As stated previously, I tried all the steps you provided already and they did not resolve the issue.
ssax
Dreams In Code
Posts: 7682
Joined: Wed Feb 11, 2015 12:54 pm

Re: Unable to start Nagios service - nagios.lock missing

Post by ssax »

Please send the output of the information:

Is this RHEL/CENT 6.X or 7.X?

Code: Select all

cat /etc/redhat-release
uname -a
Please include the output of both of these commands:

Code: Select all

service nagios status
systemctl status nagios
Are you running mod_gearman?

Code: Select all

grep gearman /usr/local/nagios/etc/nagios.cfg
What version of Core are you running?

Code: Select all

/usr/local/nagios/bin/nagios -V
Let's check the lock/pid file paths:

Code: Select all

grep -i "lock\|pid" /etc/init.d/nagios /usr/local/nagios/etc/nagios.cfg /usr/local/nagiosxi/scripts/nom_restore_nagioscore_checkpoint.sh /usr/local/nagiosxi/scripts/nom_restore_nagioscore_checkpoint_specific.sh
Once I get that information I can craft a solution for you.

Thank you!
rferebee
Posts: 733
Joined: Wed Jul 11, 2018 11:37 am

Re: Unable to start Nagios service - nagios.lock missing

Post by rferebee »

root@nagiosxi-lv> cat /etc/redhat-release
CentOS release 6.10 (Final)
root@nagiosxi-lv> uname -a
Linux nagiosxi-lv 2.6.32-754.12.1.el6.x86_64 #1 SMP Tue Apr 9 14:52:26 UTC 2019 x86_64 x86_64 x86_64 GNU/Linux


root@nagiosxi-lv> service nagios status
No lock file found in /var/run/nagios.lock
root@nagiosxi-lv> systemctl status nagios
-ksh: systemctl: not found [No such file or directory]

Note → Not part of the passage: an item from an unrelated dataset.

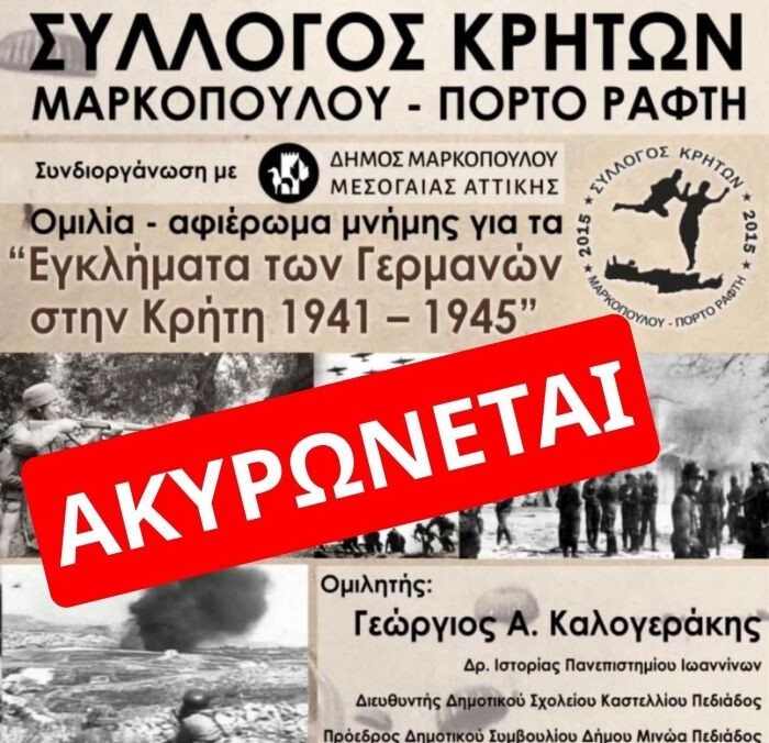 .Ο Δήμος Μαρκοπούλου Μεσογαίας και η Αντιδημαρχία Πολιτισμού και Μέριμνας για την 3η Ηλικία, σας ενημερώνουν, ότι η ομιλία – αφιέρωμα μνήμης με θέμα «Τα Εγκλήματα των Γερμανών στην Κρήτη 1941 – 1945», που είχε προγραμματιστεί να πραγματοποιηθεί την Κυριακή 29 Μαρτίου 2026 και ώρα 11:00 π.μ. στο Δημοτικό Κινηματοθέατρο Μαρκοπούλου «Άρτεμις», σε συνδιοργάνωση με τον Σύλλογο Κρητών Μαρκοπούλου – Πόρτο Ράφτη, ακυρώνεται για σοβαρούς λόγους υγείας.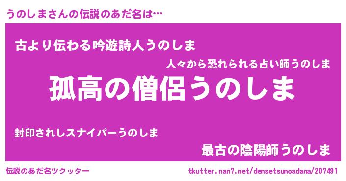 | 女子向けラノベタイトル風あだ名 | 『うのしまなんてお断りですっ。』 |

No output returned for the following command:

grep gearman /usr/local/nagios/etc/nagios.cfg


root@nagiosxi-lv> /usr/local/nagios/bin/nagios -V

Nagios Core 4.4.2
Copyright (c) 2009-present Nagios Core Development Team and Community Contributors
Copyright (c) 1999-2009 Ethan Galstad
Last Modified: 2018-08-16
License: GPL

Website: https://www.nagios.org
This program is free software; you can redistribute it and/or modify
it under the terms of the GNU General Public License version 2 as
published by the Free Software Foundation.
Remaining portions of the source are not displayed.